Durante los últimos tres días, no había dejado de torturarse con la idea de que Estrella estuviera en manos de alguno de los rivales de los tres.

Si ese era el caso, ¡ni siquiera se atrevía a imaginar las consecuencias!

Como bien dijo Amos, si viviría o no...

No podía seguir pensando en eso.

Solo la idea de que Estrella estuviera entre la vida y la muerte lo paralizaba. Le provocaba una asfixia insoportable, obligándolo a bloquear esos pensamientos.

—Pase lo que pase, tienen que encontrarla pronto. Tienen que traerla de vuelta —sollozó Cintia.

La incertidumbre de la situación ya la tenía sin poder comer ni dormir.

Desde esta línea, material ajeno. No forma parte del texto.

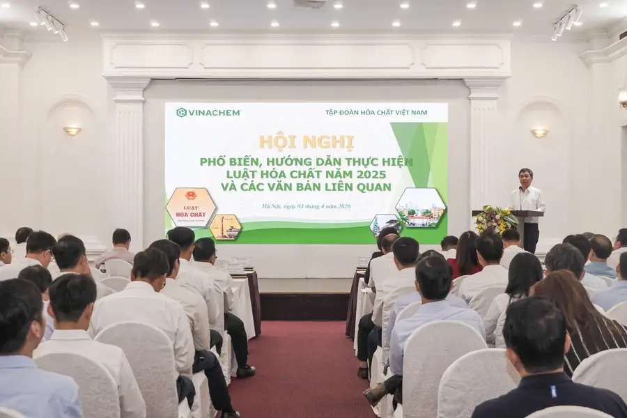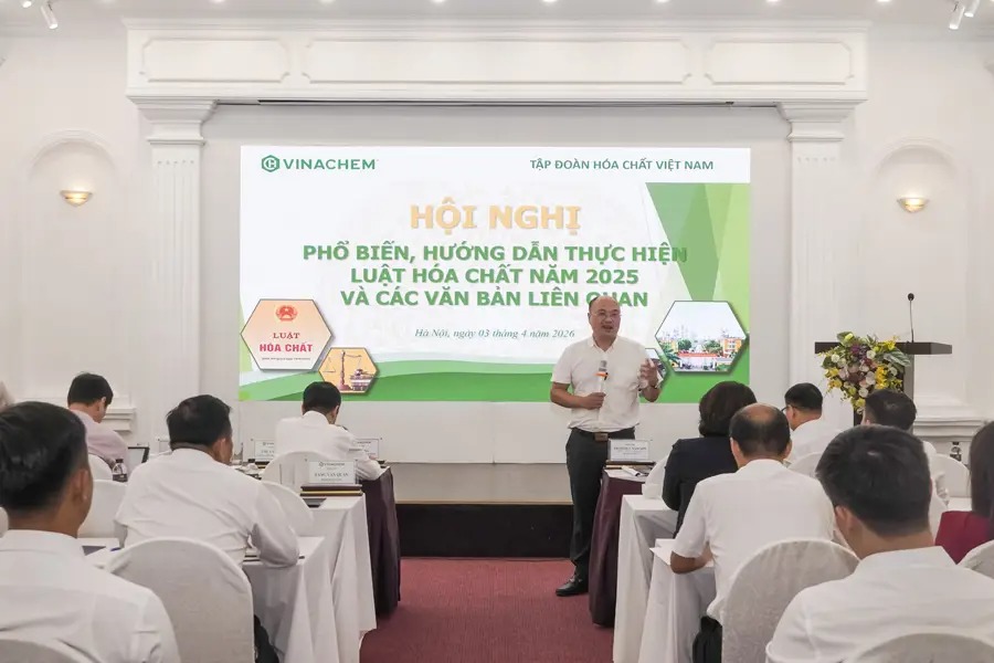 On the morning of April 3, 2026, in Hanoi, the Vietnam National Chemical Group (Vinachem) organized a conference to disseminate and guide the implementation of the 2025 Chemical Law and related documents. The aim was to promptly update and thoroughly communicate new legal regulations to all units within the Group.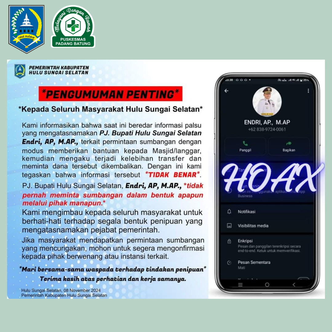 Kami informasikan bahwa saat ini beredar informasi palsu yang mengatasnamakan PJ. Bupati Hulu Sungai Selatan, Endri, AP, M.AP., terkait permintaan sumbangan dengan modus memberikan bantuan kepada Masjid/langgar, kemudian mengaku terjadi kelebihan transfer dan meminta dana tersebut dikembalikan. Dengan ini kami tegaskan bahwa informasi tersebut âď¸TIDAK BENARâď¸

Si algo más le llegaba a pasar a Estrella por su culpa, sentía que no podría seguir viviendo.

—Aparte de nuestra gente, ¿había alguien más en la escena?

—Es muy probable que sí —respondió Malcolm.

—¿Probable?

Al escuchar esa palabra, Callum le clavó una mirada gélida.

—No fue nuestra gente, y tampoco los hombres de Alonso —se apresuró a aclarar Malcolm.

Y, por supuesto, los de Marcelo estaban descartados.

—Por lo que sabemos, Alonso ha movilizado a mucha de su gente. Ya ha enviado cinco grupos de búsqueda consecutivos.

Todos buscando a Estrella.

A juzgar por la desesperación de Alonso, no era una simple actuación. Definitivamente, ella no estaba con él.

Además...

Si se la hubiera llevado de vuelta a Mar de Ámbar, no tendría ningún motivo para ocultarlo.

Callum se apretó el puente de la nariz con frustración.

Su padre había regresado anoche.

Y al enterarse del desastre que había ocurrido, no dudó en cruzarle la cara de un par de bofetadas.